Effect of electron-withdrawing fluorine and cyano substituents on photovoltaic properties of two-dimensional quinoxaline-based polymers.
Seok Woo Lee, M D Waseem Hussain, Sanchari Shome, Su Ryong Ha, Jae Taek Oh, Dong Ryeol Whang, Yunseul Kim, Dong-Yu Kim, Hyosung Choi, Dong Wook Chang
Author Information
Seok Woo Lee: Department of Industrial Chemistry, Pukyong National University, 48513, Busan, Republic of Korea.

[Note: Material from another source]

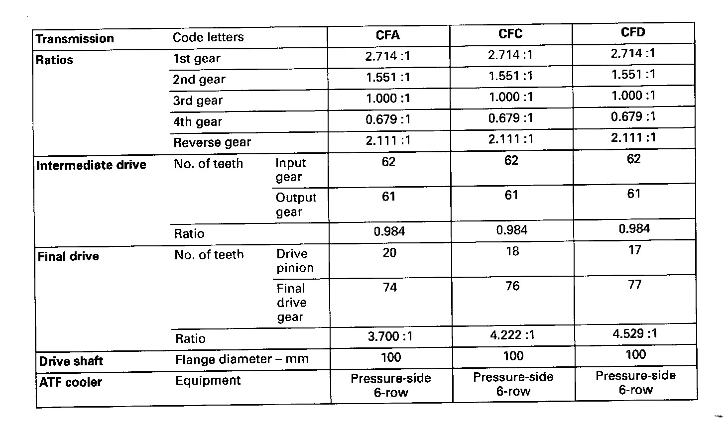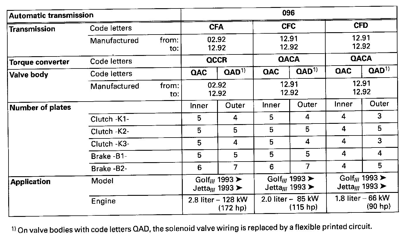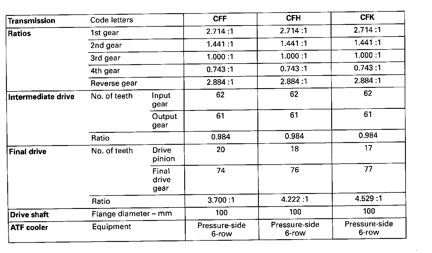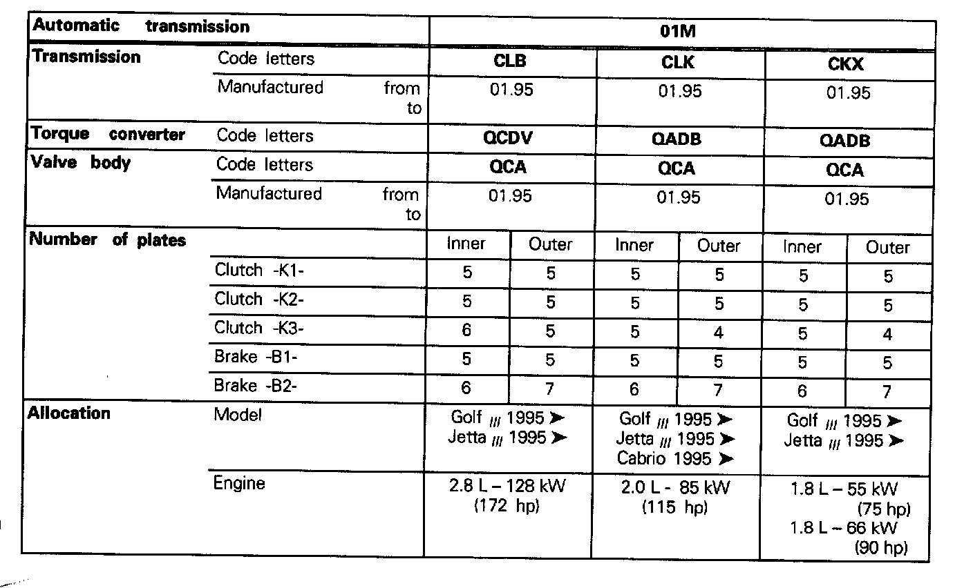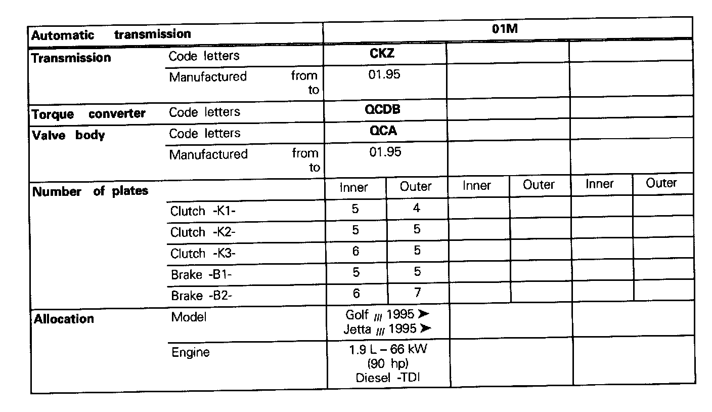 01M Transmission- Code Letters, Transmission Allocation, Ratios, Equipment -

M D Waseem Hussain: Department of Chemistry, Research Institute for Natural Science and Institute of Nano Science and Technology, Hanyang University, 04730, Seoul, Republic of Korea.
Sanchari Shome: Department of Chemistry, Research Institute for Natural Science and Institute of Nano Science and Technology, Hanyang University, 04730, Seoul, Republic of Korea.
Su Ryong Ha: Department of Chemistry, Research Institute for Natural Science and Institute of Nano Science and Technology, Hanyang University, 04730, Seoul, Republic of Korea.
Jae Taek Oh: Department of Chemistry, Research Institute for Natural Science and Institute of Nano Science and Technology, Hanyang University, 04730, Seoul, Republic of Korea.
Dong Ryeol Whang: Department of Advanced Materials, Hannam University, Daejeon, 34054, Republic of Korea.
Yunseul Kim: School of Materials Science and Engineering (SMSE), Research Institute of Solar and Sustainable Energies (RISE), Gwangju Institute of Science and Technology (GIST), Gwangju, 61005, Republic of Korea.
Dong-Yu Kim: School of Materials Science and Engineering (SMSE), Research Institute of Solar and Sustainable Energies (RISE), Gwangju Institute of Science and Technology (GIST), Gwangju, 61005, Republic of Korea.
Hyosung Choi: Department of Chemistry, Research Institute for Natural Science and Institute of Nano Science and Technology, Hanyang University, 04730, Seoul, Republic of Korea. hschoi202@hanyang.ac.kr.
Dong Wook Chang: Department of Industrial Chemistry, Pukyong National University, 48513, Busan, Republic of Korea. dwchang@pknu.ac.kr.
In this study, strong electron-withdrawing fluorine (F) and cyano (CN) substituents are selectively incorporated into the quinoxaline unit of two-dimensional (2D) D-A-type polymers to investigate their effects on the photovoltaic properties of the polymers. To construct the 2D polymeric structure, electron-donating benzodithiophene and methoxy-substituted triphenylamine are directly linked to the horizontal and vertical directions of the quinoxaline acceptor, respectively. After analyzing the structural, optical, and electrochemical properties of the resultant F- and CN-substituted polymers, labeled as PBCl-MTQF and PBCl-MTQCN, respectively, inverted-type polymer solar cells with a non-fullerene Y6 acceptor are fabricated to investigate the photovoltaic performances of the polymers. It is discovered that the maximum power conversion efficiency of PBCl-MTQF is 7.48%, whereas that of PBCl-MTQCN is limited to 3.52%. This significantly reduced PCE of the device based on PBCl-MTQCN is ascribed to the formation of irregular, large aggregates in the active layer, which can readily aggravate the charge recombination and charge transport kinetics of the device. Therefore, the photovoltaic performance of 2D quinoxaline-based D-A-type polymers is significantly affected by the type of electron-withdrawing substituent.